Histoire des jeux vidéo

Le MO5 Michel platini

Une pièce particulière

Illustration

Le Thomson MO5 Michel Platini : un micro-ordinateur français pas comme les autres

Au milieu des années 1980, la France vit une période fascinante de démocratisation de l’informatique. C’est dans ce contexte que Thomson, acteur majeur de l’électronique hexagonale, commercialise le MO5 Michel Platini, une édition très particulière du célèbre micro-ordinateur MO5, lancée dans le cadre du plan “Informatique pour tous”.
Sorti en 1985, ce modèle, au nom du footballeur alors au sommet de sa gloire, symbolise la rencontre inattendue entre technologie, éducation et culture populaire.
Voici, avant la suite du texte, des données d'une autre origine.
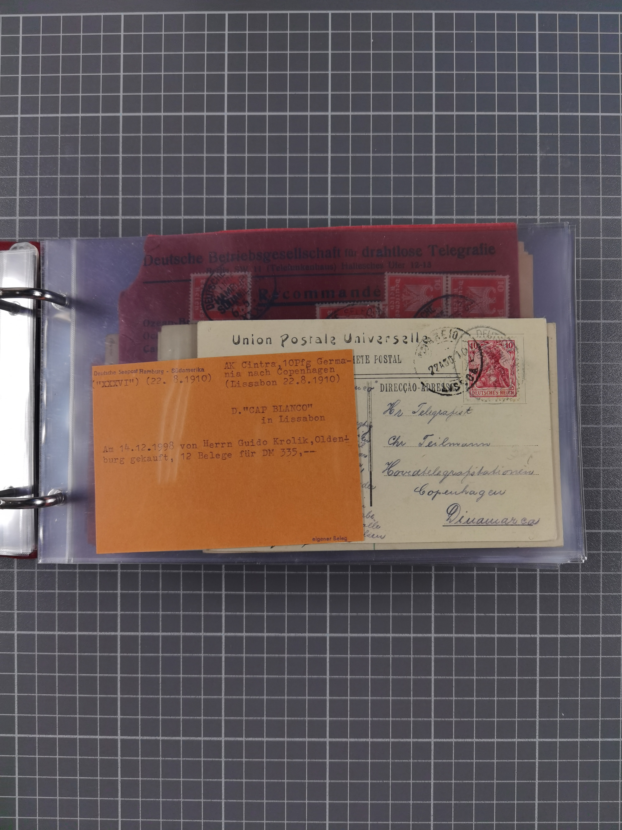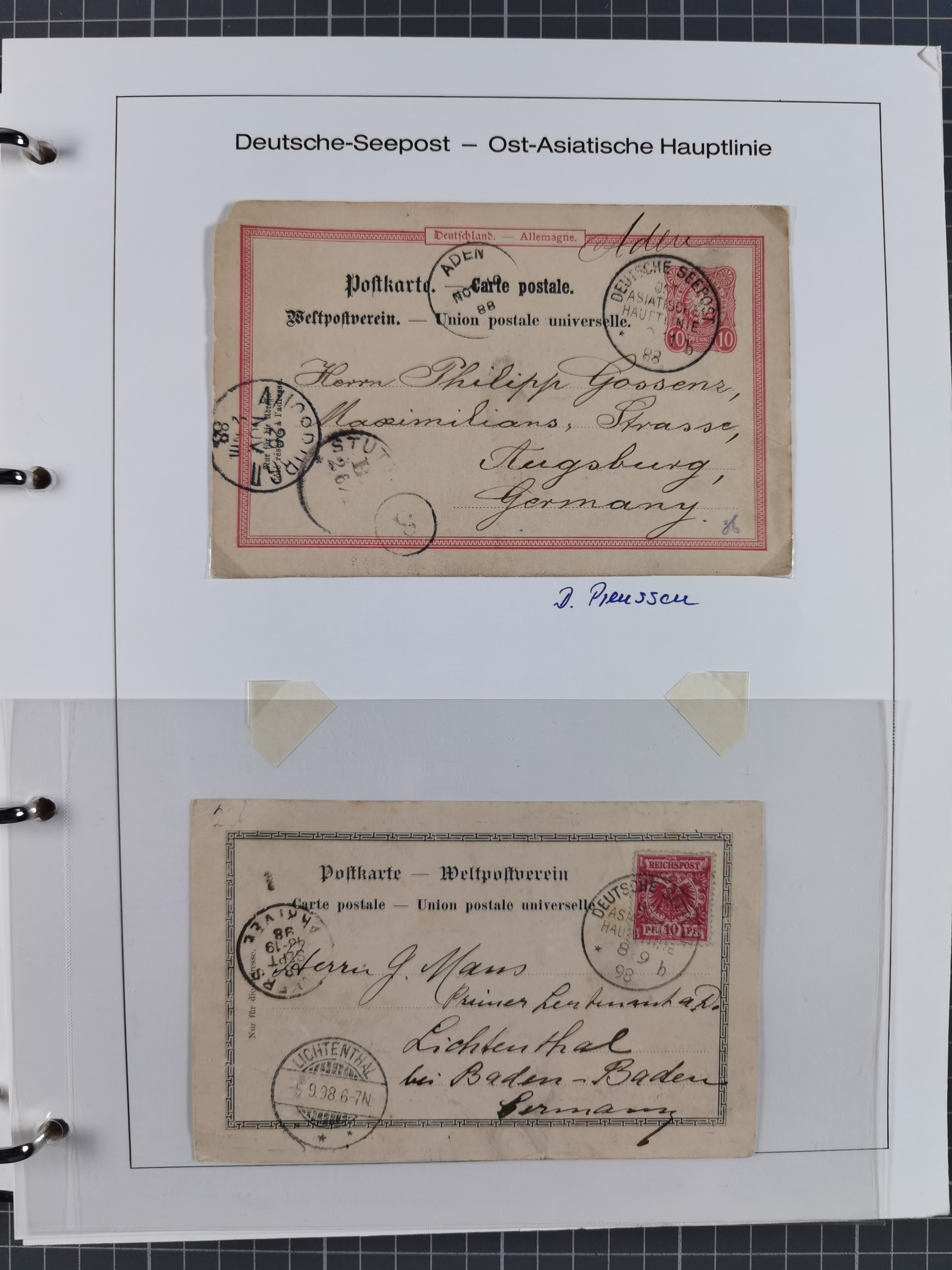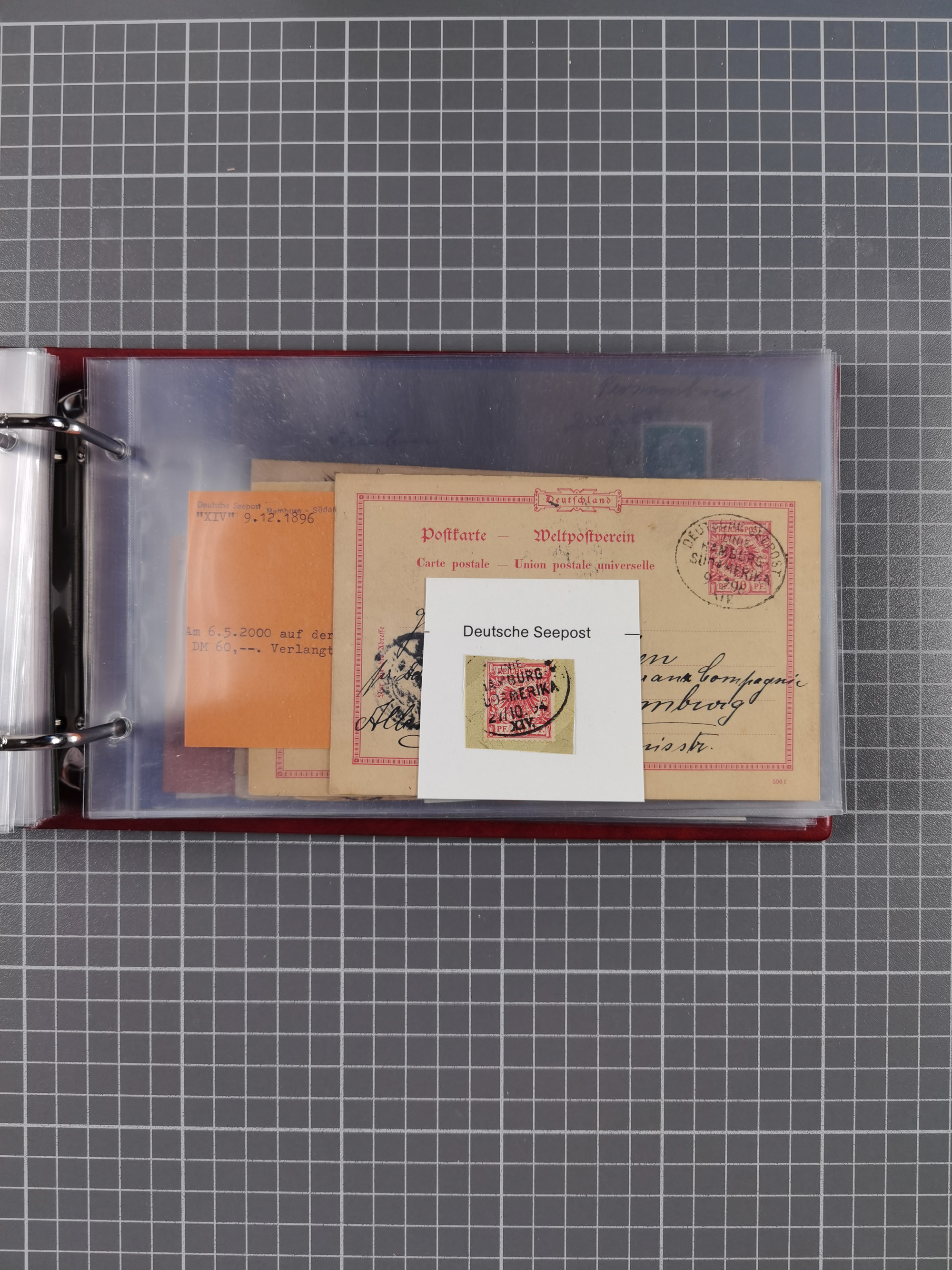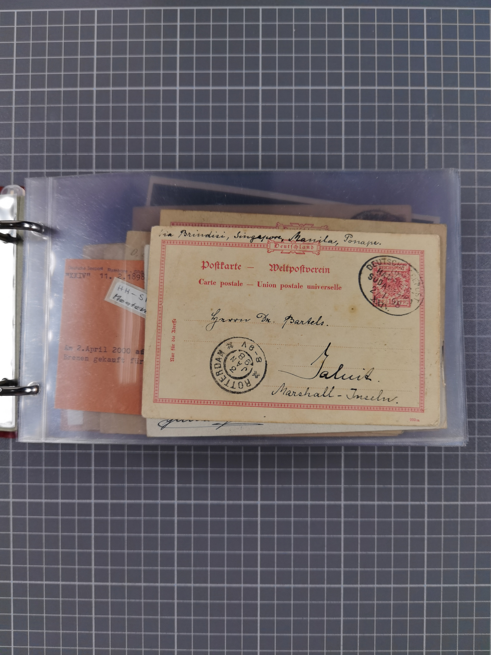 1887/1912, kleine Sammlung “DSP AUSTRALISCHE HAUPTLINIE” mit 35 Briefen, Karten und GSK, dabei frühe Post mit Aufgabe-Vermerken u.a. aus Aden, Port Sauíd und Suez, dazu eine Speisekarte vom Reichspostdampfer Scharnhorst 1905. Zum Teil kleine Spuren, meist in guter Erhaltung, ex Steinmeyer

Un contexte historique singulier : entre école et salon

Pour comprendre l’origine du Thomson MO5 Michel Platini, il faut revenir à la politique technologique française du début des années 1980. Le gouvernement de l’époque, sous la présidence de François Mitterrand, lance un vaste programme d’équipement des écoles françaises en ordinateurs. Le but : former une génération de citoyens familiers avec l’informatique, à une époque où la micro-informatique se développe rapidement dans le monde.

Le Thomson MO5, commercialisé dès 1984, devient alors l’un des piliers de ce plan. Facile à produire en France, compatible avec un grand nombre de périphériques, et surtout conçu pour une utilisation pédagogique, il équipe des milliers de classes à travers le pays.
Mais Thomson cherche également à séduire le grand public et les foyers, un marché largement dominé à cette époque par les micros britanniques comme le ZX Spectrum, l’Amstrad CPC, ou encore le Commodore 64.
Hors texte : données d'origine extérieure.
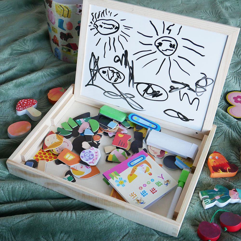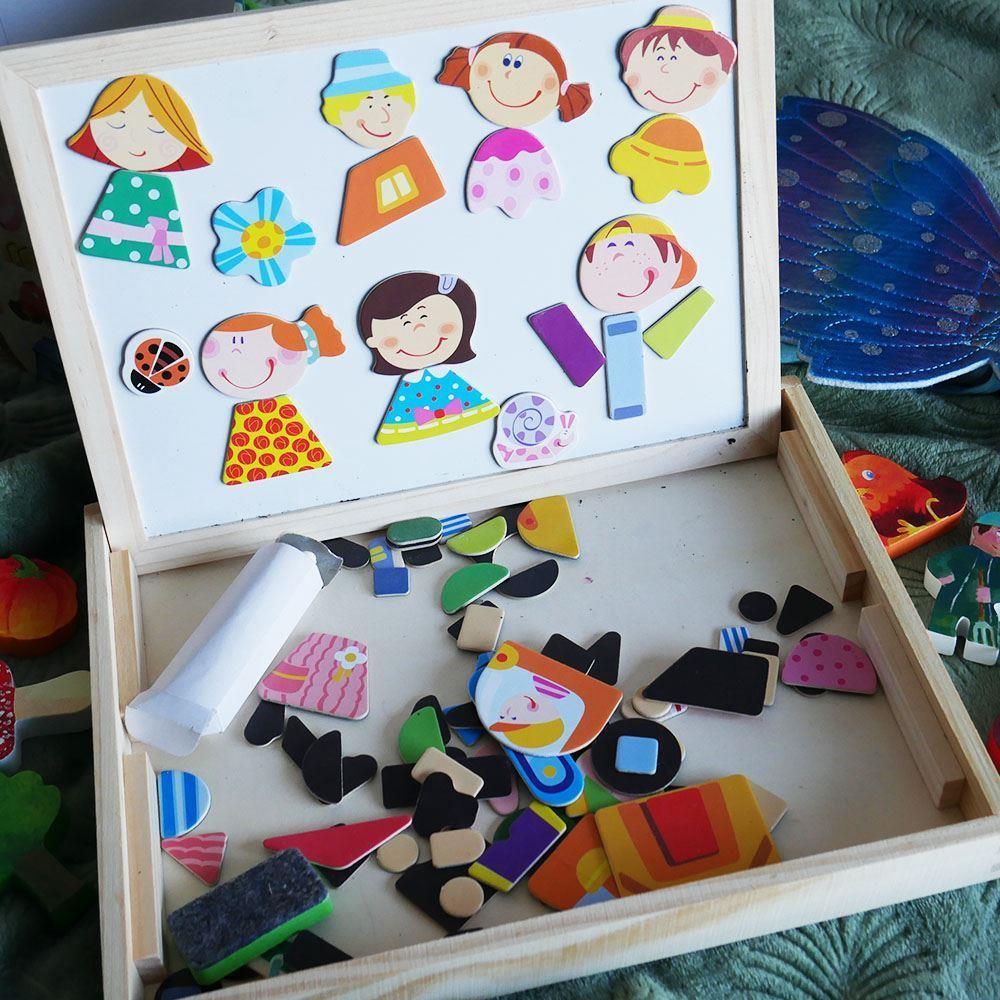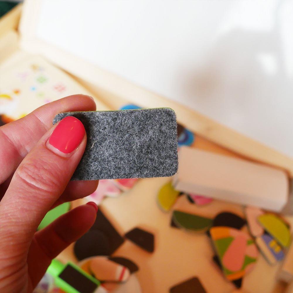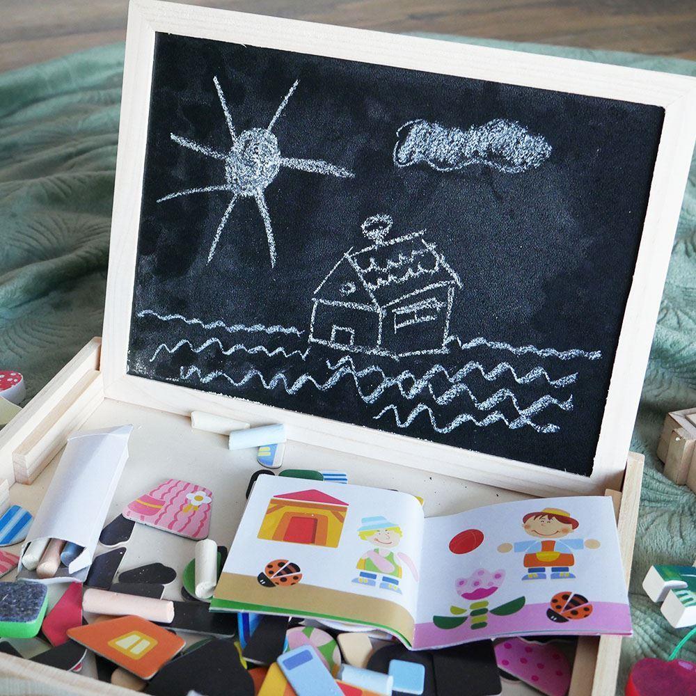 Rozkladací detská tabuľka. Obsahom balenia je sada magnetiek s detskými motívmi. Deti si môžu skladať rôzne obrázky a s nimi potom vymýšľať rôzne príbehy. Navyše je možné tabuľku jednoducho rozkladať a znovu skladať. Obsahom balenia je všetko dôležité. Nájdete tam kriedy, špeciálnu fixku, hubku a sadu magnetiek s rôznymi detskými motívmi.
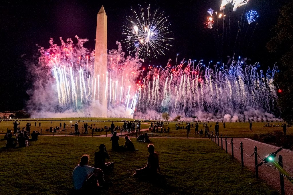 Alongside the using the White House as the backdrop for accepting the Republican nomination, a fireworks display — complete with “Trump 2020” being spelled out — lit up the sky over the national mall.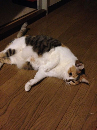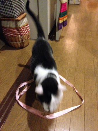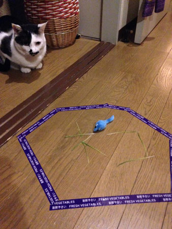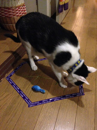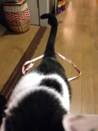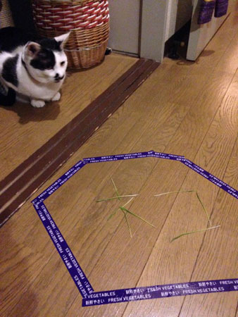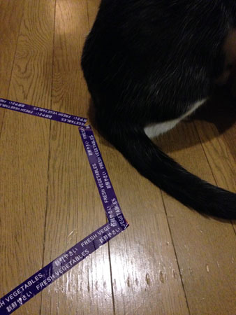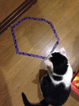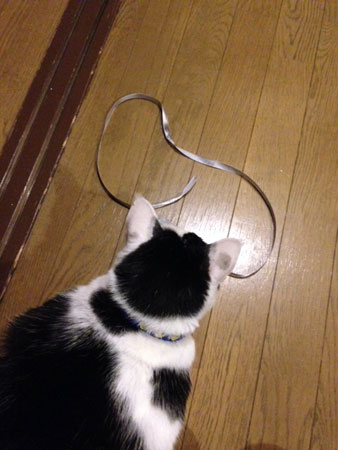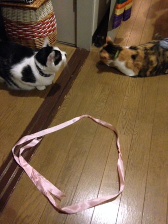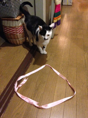 <流行りの「#猫転送装置」。> 11月ですよにちわ。文化の日にちわ〜〜〜〜。 秋ってあった?寒くね?もう、冬じゃね? なんて思っているのは、わたしだけではないず。 数年前に誕生日俺ゼント (俺が俺にあげるプレゼントのこと)で買った お気に入りトレンチコート。 半袖の。 半袖の・・・トレンチコートの出番は、なかった・・・。 悲しいです。 「これ、着る機会、ないなぁ〜」と毎年思いつつ、 できるだけ着ようとしてたけど、今年はゼロっす。 だって、寒いんだもん。半袖・・・。 ななな長袖のコートが欲しいとです。ゆーなです・・・。 最近ちょっと話題の、「猫転送装置」って知ってる? 猫界ではいま一番ホットな話題よ。 ねこの前に丸い輪っかを作ると、そこに入って、 まるで、ねこがテレポーテーションしてきたみたいに 見えるっていうやつ。 こちらの記事の方がおおもとの方らしいね。 これが、インターネットで世界中に広がり、 ツイッターとかで「#猫転送装置」とか 「#cat circle」とハッシュタグをつけて、 みんながやっている!ようだ! ちょうどうちにはねこがいるし、やってみない手はないよ。 ブームに乗るっきゃないじゃないか! というわけで、やってみたよ。 はじめは、リボンで丸を作ってみたところ・・・ お?なんだ? あれ? ・・・。 チーン。 別のリボンでも。 チーン。 色が、よくなかったかな。 うん、そうだな。あわくて、わかりづらかったね。 秋田の道の駅的なところで、思わず買ってしまった、 野菜を束ねるテープで、作ってみる。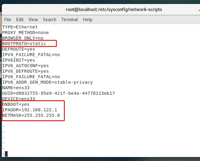 将BOOTPROTO改成static,然后设置静态ip地址和网关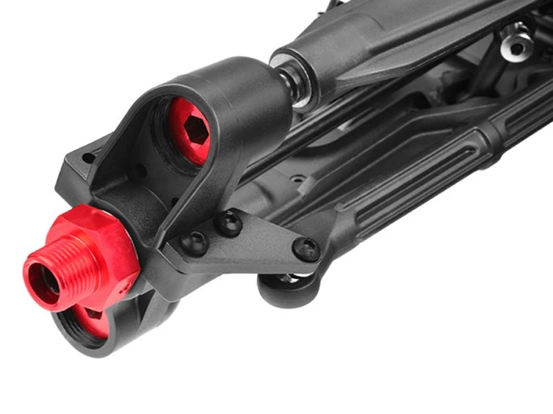 The Muraco XP features a robust pivot ball-style front suspension utilizing steel pivots and steering turnbuckles in addition to durable composite suspension arms. The rear suspension features composite outboard hubs and one-piece composite upper suspension links. At each corner, durable HiCC8 composite suspension arms and threaded, adjustable 16mm big bore oil-filled shock absorbers produce plush, compliant handling.

C’est dans cette optique que naît une idée marketing audacieuse : associer le MO5 à une star populaire capable de parler aux jeunes. Le choix se porte sur Michel Platini, capitaine de l’équipe de France de football et idole nationale après la victoire à l’Euro 1984.
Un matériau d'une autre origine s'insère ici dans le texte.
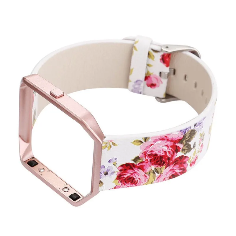 Кожаный ремешок для часов DAHASE с цветочным узором, 23 мм, сменный ремешок для часов с цветком для Fitbit Blaze Band w, цветная металлическая рамка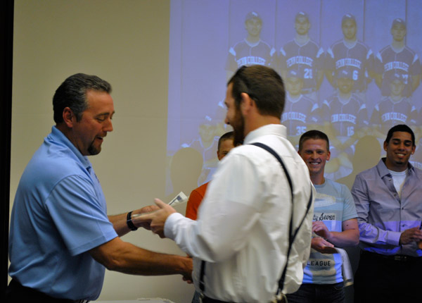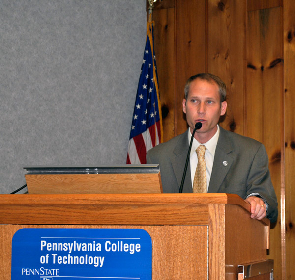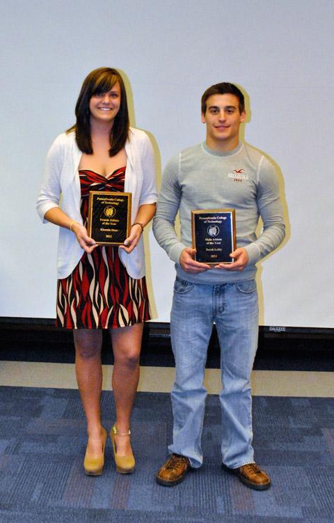 The Spring 2012 Athletic Banquet was held Sunday in the Mountain Laurel Room of the Thompson Professional Development Center, honoring Penn College's student-athletes for accomplishments both on the court/field and in the classroom. Scott E. Kennell, athletic director, gave opening remarks, and coaches took to the podium to honor their respective squads. Baseball coach Chris Howard announced that the Wildcats have received a bid to the United States Collegiate Athletic Association national tournament in Illinois, many of the archery team members received multiple honors, and in a first for the college a female and male "Athlete of the Year" were selected: Kierstin G. Steer, a basketball scoring leader and two-time selection to the Penn State University Athletic Conference All-Conference First Team, and Derek D. Leiby, an All-American member of the PSUAC champion wrestling team.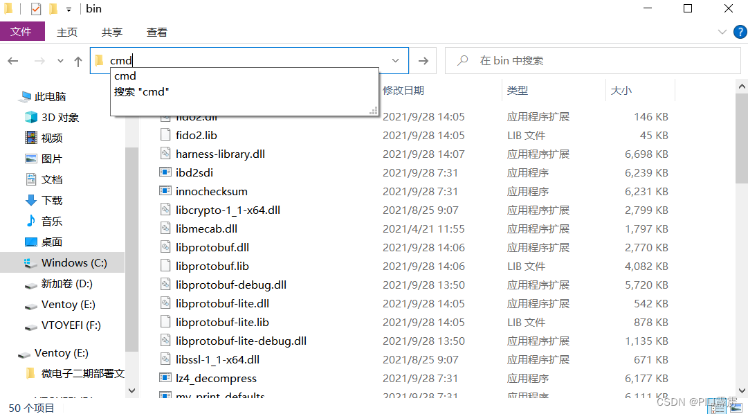 打开刚刚找到的安装位置文件夹,在地址栏输入cmd,回车——即打开该文件夹对应的cmd(在bin文件夹下打开)

Une édition spéciale pour démocratiser l’informatique

Le Thomson MO5 Michel Platini n’est pas une simple machine rebaptisée : c’est une édition limitée reconnaissable à sa couleur blanche (contrairement au modèle standard noir) et à la signature de Michel Platini apposée sur le capot.
La campagne de communication, très médiatisée, met en avant l’idée que même les enfants passionnés de football peuvent apprendre à programmer, jouer, ou découvrir l’univers fascinant de la micro-informatique grâce à ce micro-ordinateur.

Le slogan implicite : si Michel Platini soutient l’informatique, pourquoi pas toi ?
L’objectif de Thomson était clair : rendre l’ordinateur plus attrayant et moins intimidant pour le grand public.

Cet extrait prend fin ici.